Kumar’s story illustrates the failures of the current healthcare system, especially the
government-run system.

It is known that 7% of Indian households are pushed into poverty due to catastrophic
health expenditure, an economic term for a family’s health expenses when they exceed
by 40% the family’s ability to pay.

Despite the fact that 25% of Indians are covered either by state or private insurance,
having health insurance does not reduce either out-of-pocket expenditure–money paid by
households from savings for healthcare–or impoverishment due to a health crisis,
according to a 2016 analysis by Brookings India, a think tank.

Out-of-pocket expenditure accounts for more than 67% of healthcare costs in India and
includes out-patient expenses not covered by health-insurance programmes.

Currently, most cancer patients in India, as we said, die within five years of diagnosis, with
poorer patients, as research shows, less likely to survive the disease than richer ones.
After treatment, there is no social security for patients to fall back on.

Those who survive may not be able to work after treatment, and their families continue to
spend more money on their medicines. In the second part of this series, we calculated a
Rs 55,000 loss in income, for the patient and his or her attendant, usually a relative.

Although it is more expensive and spurs catastrophic expenditure, the private sector
accounts for 78% of all outpatient visits and 60% of in-patient stays for cancer.

“The reason why patients seek care at private institutes despite the high cost is the
quality,” said the PHFI’s Dey. “Quality of care in private institutions is much better than
government ones. It is a tough call to make–to look for affordability or for quality.”

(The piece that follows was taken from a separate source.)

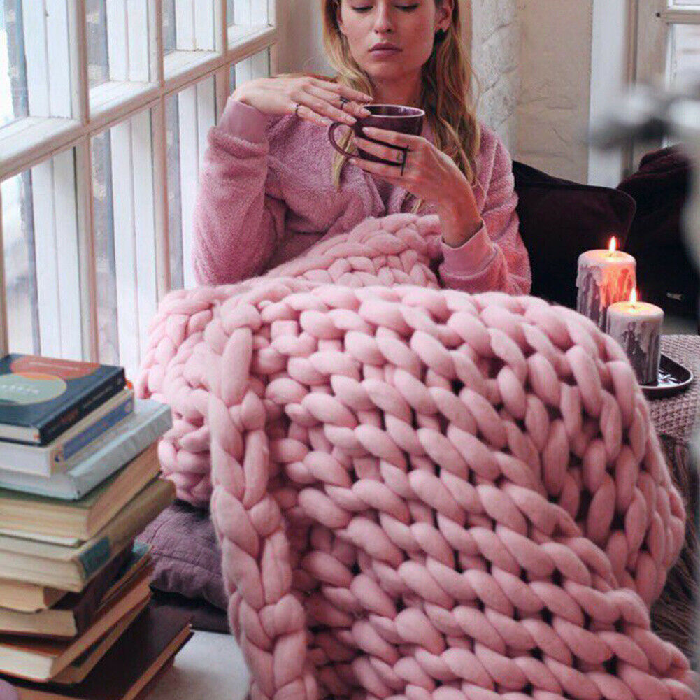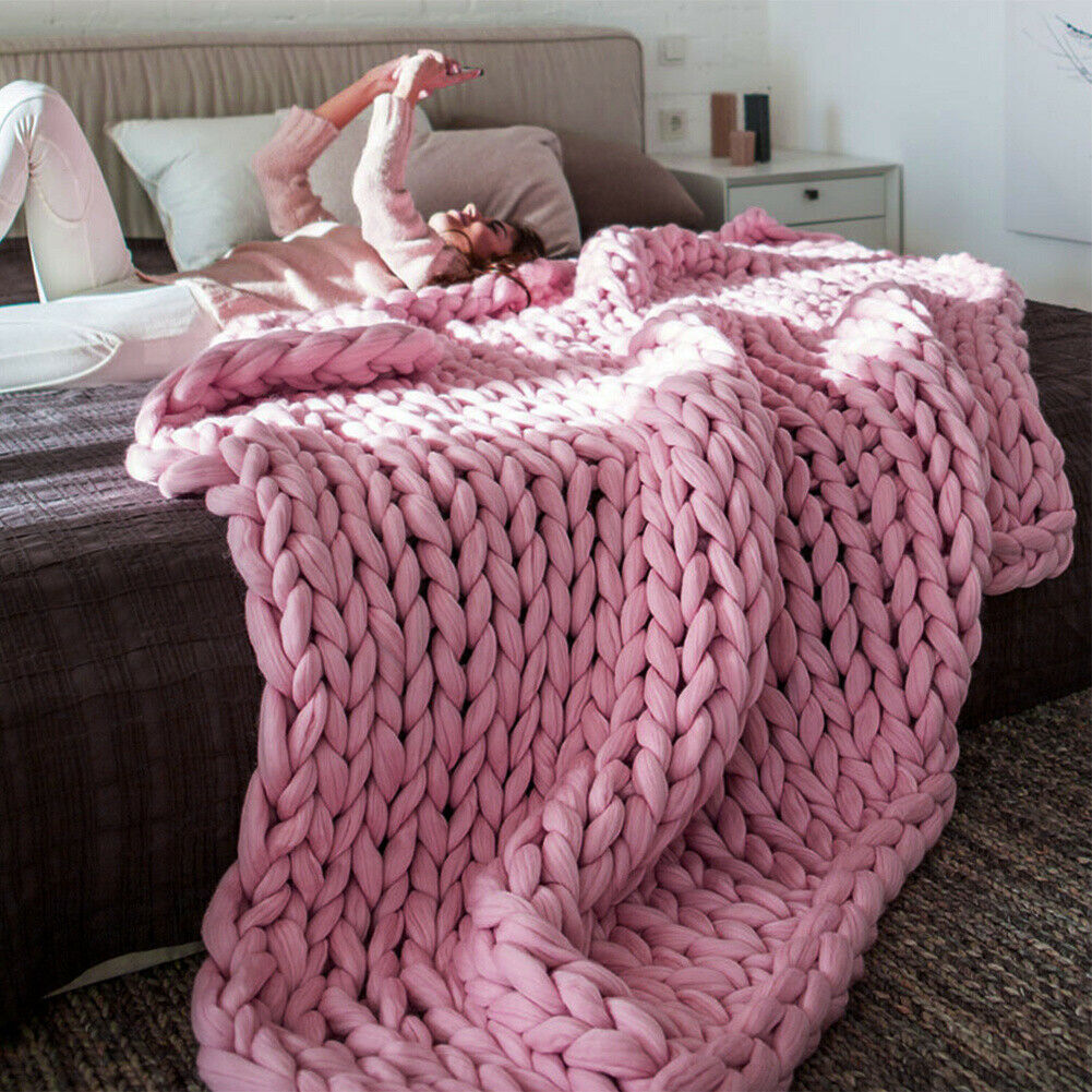 Luxury Chunky Warm Knitted Thick Blanket Hands Bulky Knit Throw Sofa Bed Cover

This rush to the private sector is made worse because the government’s programmes to
finance healthcare languish–either because few patients know about them or procedures
to use them are complex.

Under-utilised: Government healthcare-finance schemes


The government provides a variety of financial assistance to patients living the below
poverty line (BPL) for life-threatening diseases:

1. Rashtriya Arogya Nidhi (RAN or National Health Fund) allows BPL patients to seek
treatment at any of super-specialty hospitals upto Rs 200,000.
2. Health Minister’s Cancer Patient Fund (HMCPF) uses a corpus Rs 100 crore as
fixed deposit; the interest is used to provide financial assistance to BPL patients.
3. State Illness Assistance Fund (SIAF), where 50% of the funds are provided equally
by the state and the Centre; selected BPL patients can get up to Rs 150,000.
4. Health Minister’s Discretionary Grant (HMDG), which allows patients earning less
than Rs 125,000 annually to get assistance of a similar amount.
5. Other than Puducherry, no state has used the SIAF. In 2016-17, the HMCPF was
not used by Karnataka, Gujarat, Odisha, Andhra Pradesh and eight other states.
Bihar and Uttar Pradesh used 45% of the RAN funds, while states such as
Maharashtra, Karnataka, Chhattisgarh used none.
6. As the government’s current programmes falter, and the cancer-care network
awaits expansion, the poorest patients–it appears–will continue to make their long
journeys to the pavement outside Tata Memorial.